The phenomenon the researchers uncovered is already well-known amongst people. Social loafing, as it’s identified, has been extensively studied by psychologists and refers to a person placing much less effort right into a process carried out as a group in comparison with one carried out alone.

This usually manifests when it’s arduous to determine particular person contributions to a shared process, say the researchers, which may result in an absence of motivation. Having a excessive performing co-worker also can make it extra seemingly.

To see if the phenomenon may additionally influence groups of robots and people, the researchers arrange a simulated high quality assurance process through which volunteers had been requested to verify pictures of circuit boards for defects. To measure how the people had been inspecting the boards, the pictures had been blurred out and solely turned clear in areas the place the contributors hovered their mouse cursor.

Of the 42 individuals who took half within the trial, half labored alone, and the opposite half had been instructed {that a} robotic had already checked the pictures they had been seeing. For the second group, every picture featured purple verify marks the place the robotic had noticed issues, however crucially, it had missed 5 defects. Afterwards the contributors had been requested to price themselves on how they carried out, their effort, and the way liable for the duty they felt.

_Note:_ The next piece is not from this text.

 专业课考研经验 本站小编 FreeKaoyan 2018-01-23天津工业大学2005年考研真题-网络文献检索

The researchers discovered that each teams spent kind of the identical period of time inspecting the boards, coated the identical areas, and their self-perception of how they’d finished was comparable. However, the group that labored in tandem with the robotic solely noticed a median of three.3 of the 5 defects missed by the machine, whereas the opposite group caught 4.23 on common.

The researchers say this implies that these working with the robotic had been much less attentive once they had been checking the circuit boards. They speculate that this could possibly be as a result of they subconsciously assumed the robotic wouldn’t have missed any defects.

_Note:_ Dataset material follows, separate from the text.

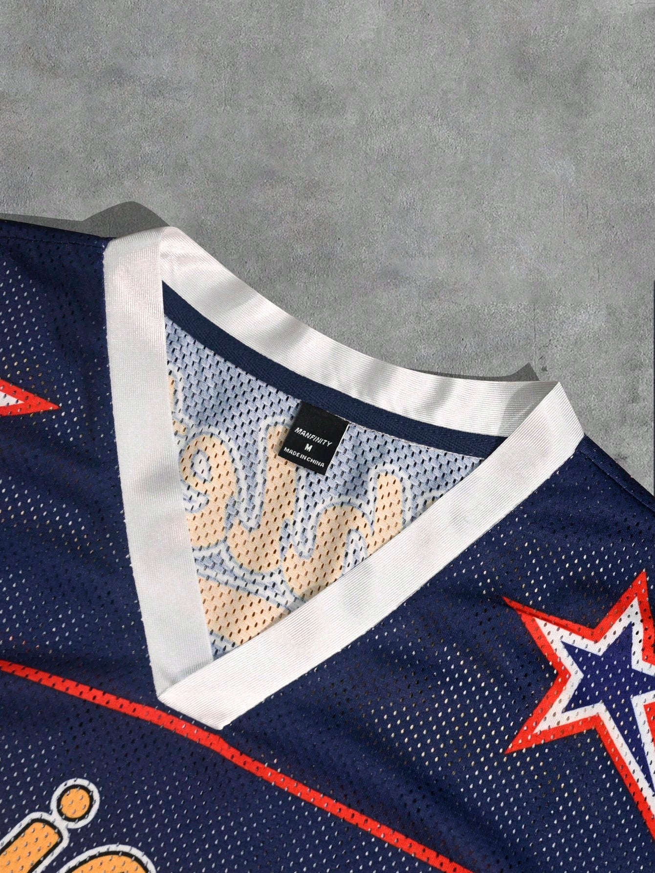 Blue V-Neck Pointelle Contrast Binding Loose Fit Jersey

While the impact was not massively pronounced, the researchers level out that of their research contributors knew they had been being watched and evaluated and the exams had been comparatively quick and easy.

“In longer shifts, when tasks are routine and the working environment offers little performance monitoring and feedback, the loss of motivation tends to be much greater,” mentioned Dr Linda Onnasch, senior writer of the research.

While the analysis was centered on human-robot collaboration, it’s not a stretch to think about that comparable dynamics may play out with other forms of AI assistants. While chatbots are starting to supply hyperlinks to sources, many people might not trouble to verify them, and there are rising considerations that persons are changing into over-reliant on AI writing instruments.

With machines in a position to help us on a rising variety of each day duties, it is going to be necessary to verify they’re serving to increase our capabilities—and never merely letting us slack off.